The dough in the oven should rise - this is the action of yeast and high temperature. But the rise will not be so big - only until the temperature inside the dough rises to 55-60 * C is the temperature of the yeast, above this temperature the yeast dies and the growth of the dough stops.
That is why I recommend proofing the dough only until it is doubled, then it will additionally rise even when the oven heats up - this is enough for lifting. At the same time, you can insert a temperature probe into the bread to control the readiness of the baking.
After the crust of the dough hardens and changes its color to dark, reduce the oven temperature to 165-170 * C and bring the bread baking to readiness. I check the readiness of the bread with a temperature probe - when the readings are 94-96 * C, the bread is ready.
15. Ready bread. We take out the finished bread from the oven.You can see how much the dough piece has grown when the temperature in the ovens increases during the heating process (compare with the photo before baking).
The bread turned out to be even, neat.
Now grease the dome of the finished bread with a little olive oil - the crust is glazed and will soften when it cools under a towel. It's nice to look at the bread - it turned out beautiful.

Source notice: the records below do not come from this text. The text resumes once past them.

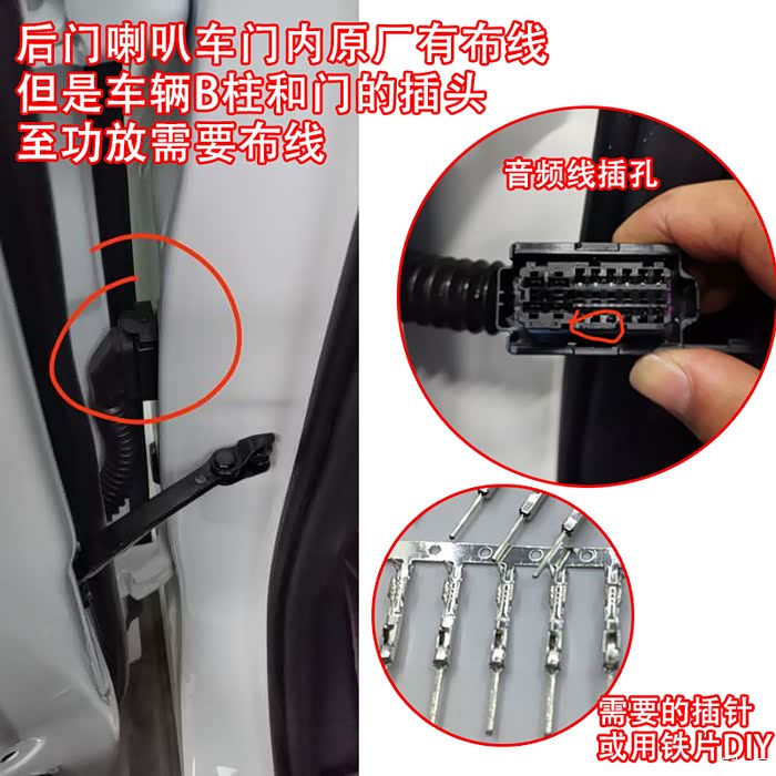 1)后排座喇叭车门上是有布线的,B柱到功放是没有线的,需要自己布线
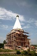 Типологически храм - "восьмерик на четверике", при этом нижний куб массивен, а восьмерик, хоть и широк, но приземист, из-за чего возникает ощущение, что шатровый верх "растёт" прямо из крыши четверика. Подобное решение мы можем увидеть, например, в знаменитой церкви Петра Митрополита в Переславле-Залесском или у Никольской шатровой церкви в Балахне. Кстати, история русского зодчества знает примеры, когда шатёр поднимается от четверика вообще безо всякого восьмерика; таковы, например, Успенская церковь Брусенского монастыря в Коломне и Ефимьевская в Кирилло-Белозёрском монастыре.
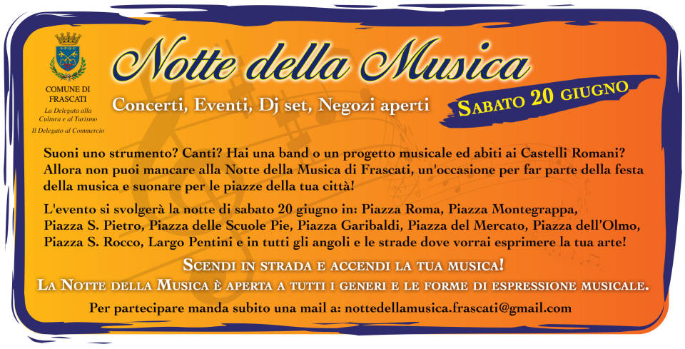 La Notte della Musica coinvolgerà non solo il tessuto economico ma l’intera cittadinanza che sarà invitata a farsi parte attiva della Festa, proponendosi con la propria chitarra o con un sax in strada e suonando e condividendo la propria musica con i passanti. Ovviamente saranno invitate anche le band più strutturate e le giovani e numerose band del territorio, a cui per altro è rivolto uno speciale call, per averle ospiti a Frascati.
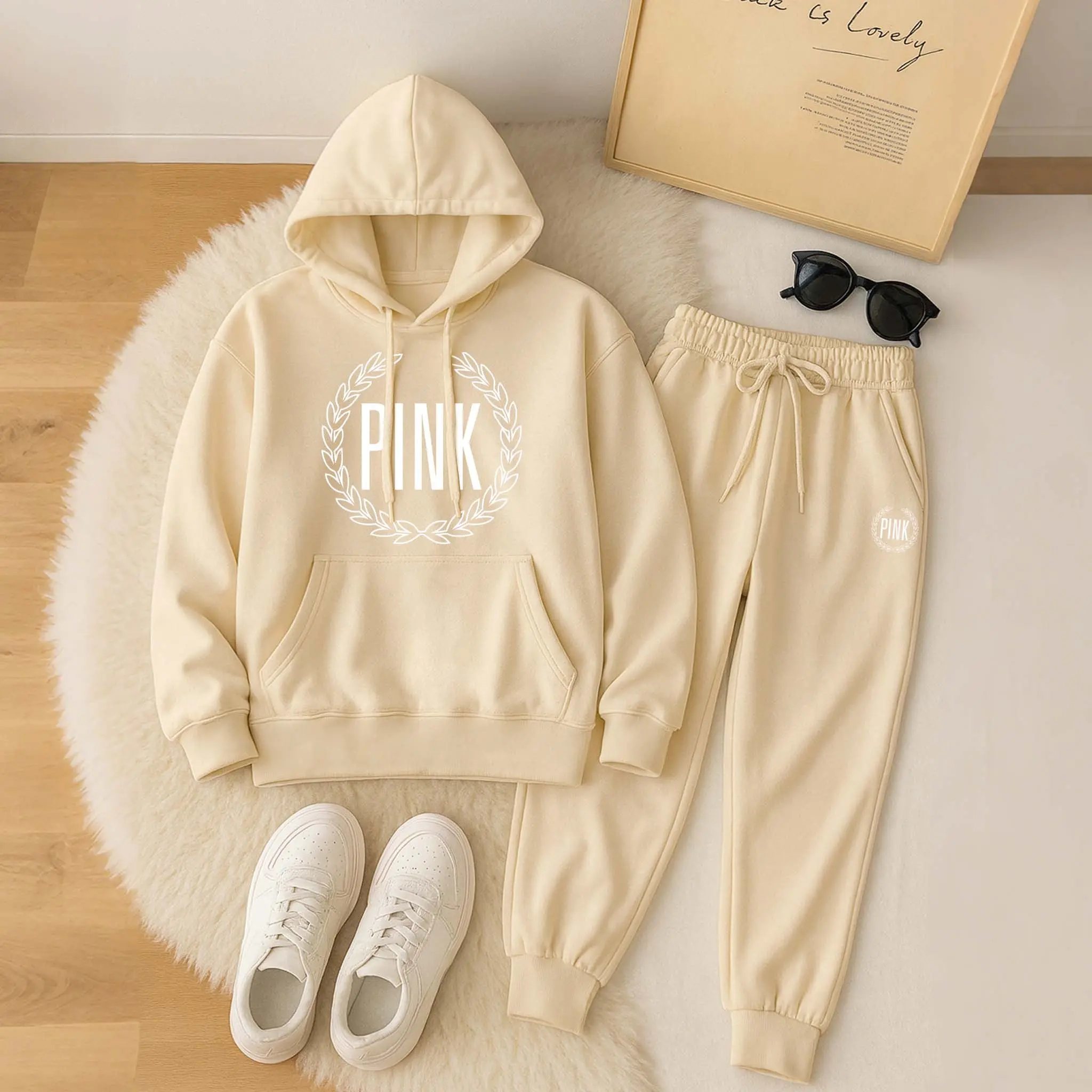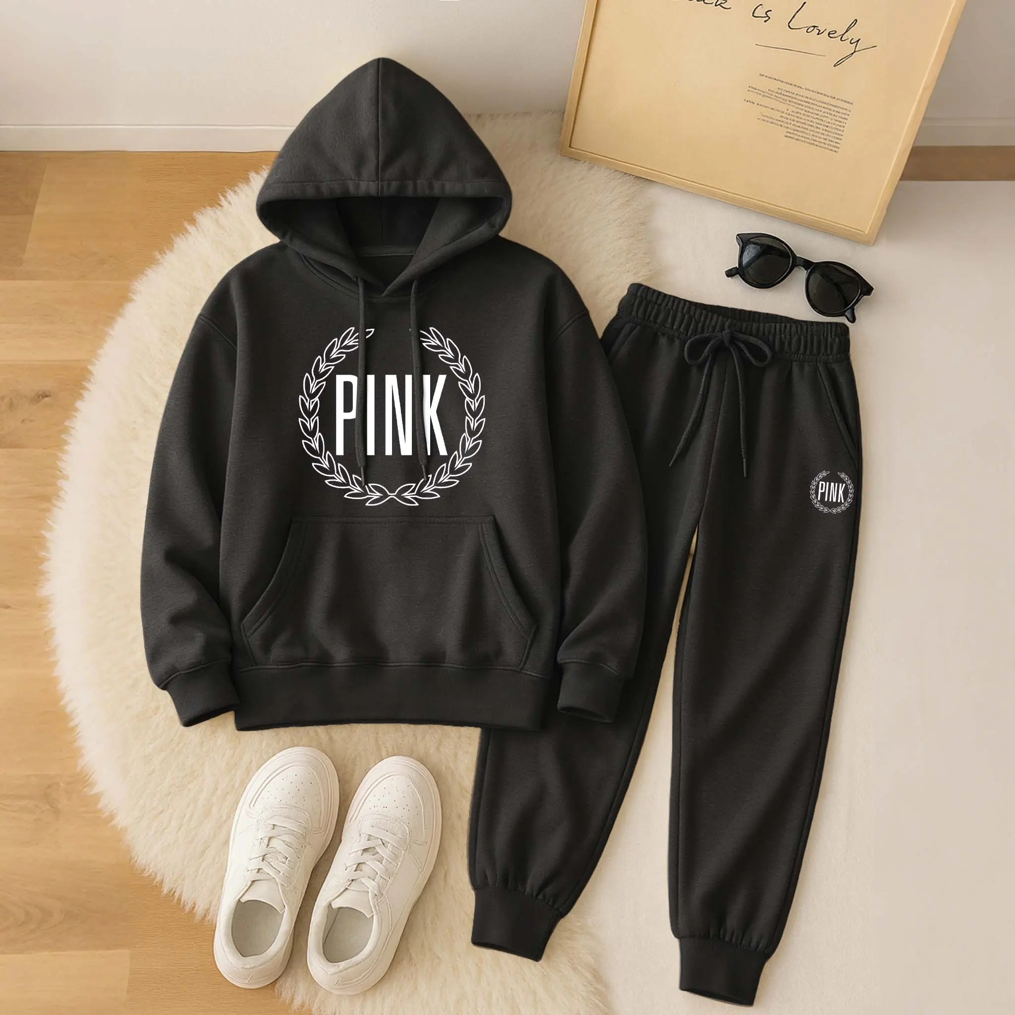 Printed Hoodie & Drawstring Sweatpants Set

Now let's look at the side view - nice to look at too. The inside of the bread is very soft to the touch. Let's wait until the bread has completely cooled down and look at the state of the crumb. The crumb of finished bread can tell us a lot of interesting things - about the products in the recipe, about kneading, about proofing and about baking.
Here is the long-awaited cut of bread. Let me remind you that we baked wheat-rye bread.
As for the finished bread and crumb - the crumb turned out to be moderately moist, well-porous, soft. The taste - the presence of rye flour is felt, and it smells very pleasantly of spices for bread. It tasted good bread
Here are slices of wheat-rye bread in a cut - a closer look and you can see the individual details of the baking.
Everything!
I told and showed a small master class on baking wheat-rye bread in a bread machine and in the oven - choose an option and practice.
I hope that my notes will help you cope with Kolobok and baking bread and bring you a lot of joy from this fun process.
I wish you all good and successful pastries!